Снова Артемида — под ее римским именем Диана. Артемида, чьи святилища часто строились вблизи источников и болот, Артемида, близкая лунной богине Гекате с ее колдовскими чарами. Она незримо живет на Ярыни, в этом водном и заболоченном мире, где лунный свет обращает утопленниц в русалок. Она — и Летница, и девственная польская богиня Дзевана. Ее же напоминает Аксютка, дочка болотной бесовки Марыськи. Здесь — уподобление не прямое, не грубое. Одни черты совпадают, другие — нет. Но мифологический смысл образов вырастает именно из этих косвенных уподоблений. Артемида рождена богиней Лето от Зевса. Отец же Аксютки — человек. Но ее мать, Марыська, вступает в супружество с идолом Перуна (славянский аналог громовержца Зевса). В конце романа он поневоле становится приемным отцом Аксютки.

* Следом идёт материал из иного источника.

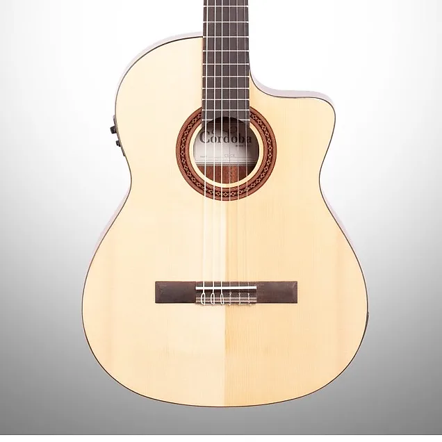 Cordoba C5CE Классическая Акустико-Электрическая Гитара Cordoba C5-CE - это полноразмерная акустическая гитара с нейлоновыми струнами, вырезом и электроникой BBand. Она оснащена цельной верхней декой и корпусом из африканского махагона. Верхняя дека усилена по схеме 5 фан-форменных струй Торреса, обеспечивающей теплое и резонансное звучание. Гриф C5-CE выполнен из легкого махагона и тоньше, чем стандартная классическая гитара, с шириной грифа у верхнего порожка 50 мм (1,96 дюйма) вместо 52 мм (2 дюйма).
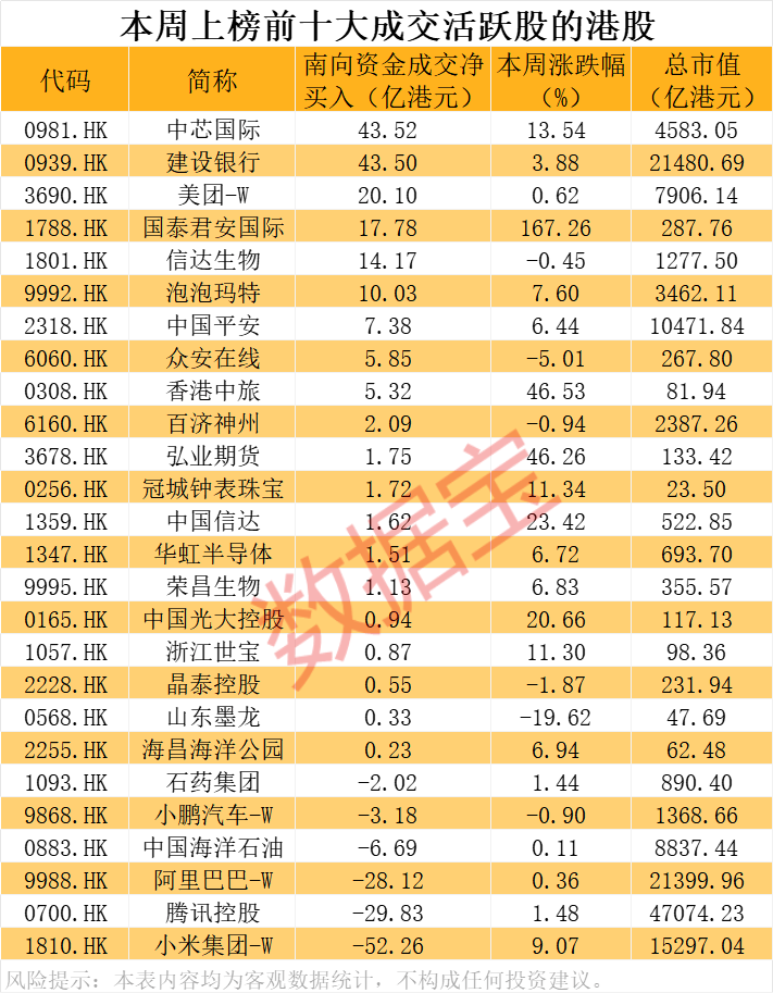 从本周前十大活跃个股来看,共有26只个股上榜,国泰君安(601211)国际本周港股通成交总额最高,达到573.61亿港元,小米集团-W、中芯国际、阿里巴巴-W的买卖总额均超过200亿港元。

Следуя такими путями, художественная фантазия Кондратьева реконструирует миф уже в почти научном смысле слова. Такова реконструкция мотива брачных отношений Перуна и Мокоши, обнаруженного учеными значительно позднее[7]. В романе Кондратьева этот мотив возникает дважды: сначала в истории о том, как Перун пленил красавицу Мокошь, а затем, в сниженном варианте, в фабульной линии «идол Перуна — Марыська». Бесовка, получившая верховную власть над водой, — травестийный двойник Мокоши.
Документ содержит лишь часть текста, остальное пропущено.